A more complex process uses historical data to determine the likelihood of payment based on how many days past due an invoice is.Decide on an average point at which late accounts become uncollectible and estimate your doubtful accounts by age.The accounts are either current (not due yet) or 90 plus days late.Figuring out bad debt percentages using this process is complicated and best left to accounting software, which can calculate this information accurately and quickly.
Step 7: The accounts receivable is divided by the number of accounts.
You need an asset account for this calculation.This value is calculated at the end of an accounting period.Current outstanding accounts that haven't been paid by customers are reflected in accounts receivable.Make a note of which risk level or risk category each account falls into in your calculation of the percentage allowance for doubtful accounts.This will allow you to calculate the percentage allowance for doubtful debts.
Step 8: The allowance should be calculated for doubtful accounts.
You can use the current value for accounts receivable to get your allowance for doubtful accounts.The monetary value of accounts that you expect will not be paid should be represented by this number.This should be done at the end of the accounting period.If you are using any form of risk categorization, remember to adjust the additional revenue doubtful account percentage based on which customer or risk category it is coming from.You need to be able to divide the revenue by the risk percentage of each customer category.It is possible to separate the current value for accounts receivable into categories or individual accounts.Simply divide each account or category by the allowance for doubtful accounts percentage and then add it together.The allowance for doubtful accounts will be given a total value.Imagine that your accounts receivable is $100,000.$30,000 come from high risk customers, $20,000 from medium risk, and $50,000 from low risk with allowance for doubtful debt percentages of 2%, 1% and 5%, respectively.Your total allowance for doubtful debts would be between $30,000 and2,400.
Step 9: Subtract the allowance from the accounts receivable.
You will get your value for net realizable receivables.You expect to collect this amount of receivables.You would subtract the allowance for doubtful accounts of $2,400 from the total accounts receivable of $100,000 to get your net accounts receivables, which is $97,600.The matching principle requires that allowance be recorded for doubtful debts.Even if this customer pays in full, record the expense to match its revenue.The "subtraction" is an addition of accounts receivable, current asset account, and allowance for doubtful accounts.The asset account is reduced when added because it is a negative value.Unless you are a publicly-held company, there is no need to follow this organization.The subtraction is important.
Step 10: Find the percentage of net accounts receivable.

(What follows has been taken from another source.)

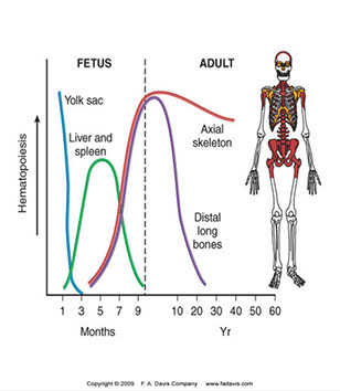 - throughout life (after childhood) HP recedes from limb bones towards axial skeleton and ends on long bones, which is why bmbx done on post iliac crest of adults and upper end of tibia in kiddos

Net accounts receivable can be expressed as a percentage.The percentage allowance for doubtful accounts is subtracted from the total.The percentage is the chance that a company can collect money from its customers.This can be used to measure the health of the company.The net accounts receivable expressed as a percentage would be 100% if the forecasted percentage allowance was 3%.98% of customers will pay for the company's services or products.For different risk levels, you would have to take a weighted average of the percentage allowance for doubtful accounts and use that as your overall percentage.To find net accounts receivable, you would subtract this percentage from 100%.You can calculate the weighted average for more.